4. Clarify that employees must provide their employers with the required documentation (e.g. name, date(s) for leave, qualifying reason for leave, oral statement that employee is unable to work or telework, and any other supporting documentation such as quarantine or isolation order, doctor’s note advising employee to self-quarantine, school or place of care closure letter, etc.) supporting their need for EPSL and/or EFMLEA leave “as soon as practicable.”
- The DOL stated that the previous requirement that an employee must provide their employers with the required documentation “prior to” taking paid leave will be removed.
- Under the revised FFCRA regulations, employees requesting paid leave under the EPSL and/or EFMLEA must provide their employers with the required documentation, “as soon as practicable.” According to the DOL, in most cases this will be when the employee provides notice to his/her employer of the need for leave.

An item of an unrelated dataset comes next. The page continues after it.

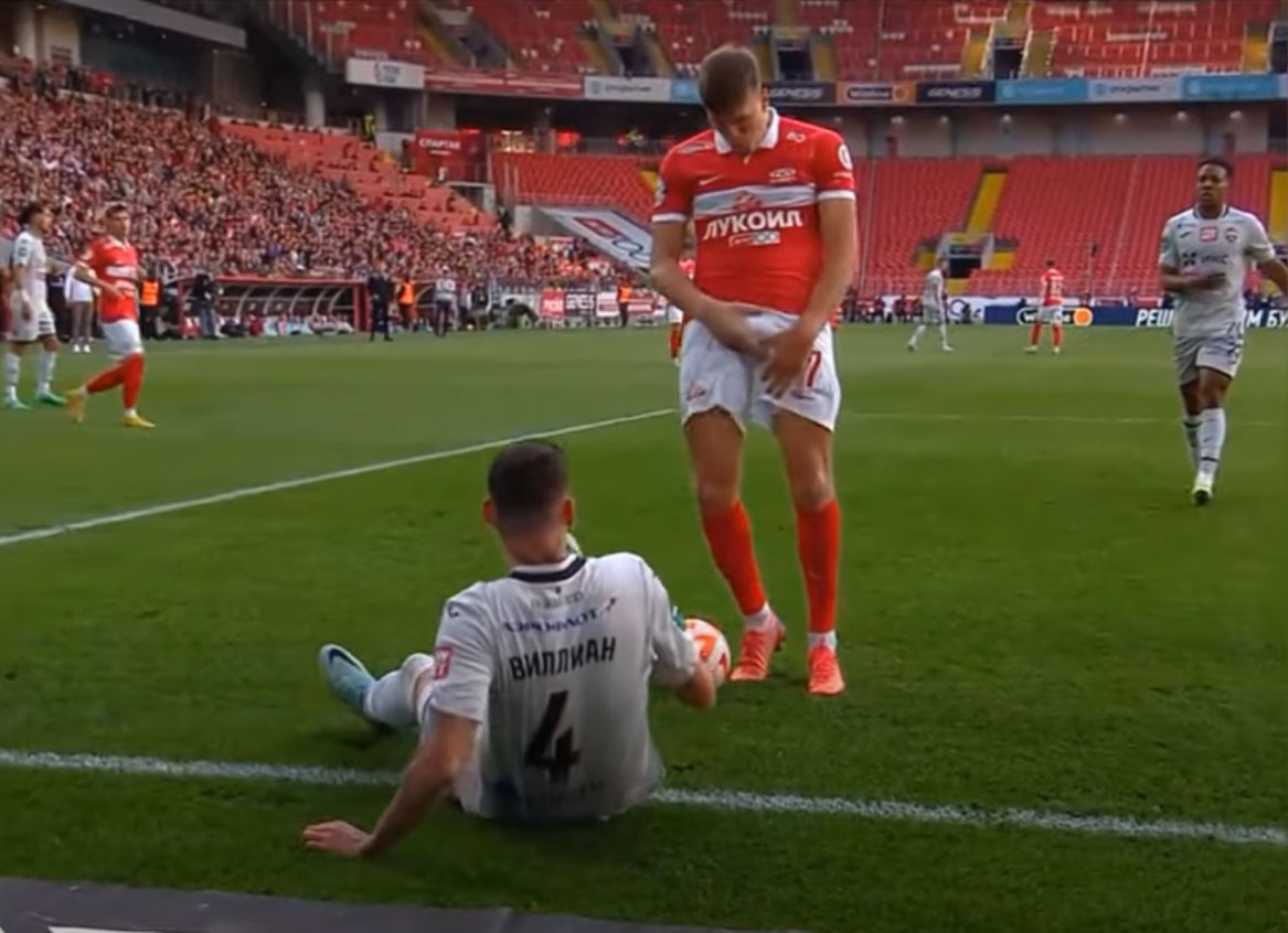 Дисциплинарный комитет РФС на заседании по итогам матча между «Спартаком» и ЦСКА (2:1) принял решение дисквалифицировать нападающего «красно-белых» Александра Соболева на четыре матча и отменить удаление защитника армейцев Виллиана Роши. Жест гопника Скандальная ситуация произошла на 65-й минуте матча при счете 1:1. Соболев и Виллиан Роша боролись в штрафной ЦСКА. Нападающий «красно-белых» завалил защитника, но, посчитав его падение симуляцией, принялся жестикулировать в районе паха, намекая на то, что соперник был не прав. Манипуляции Соболева крупным планом были сняты телевизионной камерой.

5. Correct an inconsistency regarding when employees may be required to provide notice of a need to take expanded family and medical leave to their employers.
- FFCRA regulations will now state that when the need for leave under the EFMLEA is “foreseeable,” advance notice is to be provided to the employer “as soon as practicable.”
- The DOL uses the example of a parent learning on Monday that his or her child’s school will be closed on Tuesday for a COVID-19 related reason. Under this scenario, the DOL instructs that the “employee must notify his or her employer as soon as practicable [likely Monday at work].”
- Alternatively, when need for leave under the EFMLEA is not foreseeable, “the employee may begin to take leave without giving prior notice, but must still give notice as soon as practicable” (i.e. that same day). For example, this would apply when a parent learns that his or her child’s school will be closed Tuesday, after already reporting to work on Tuesday.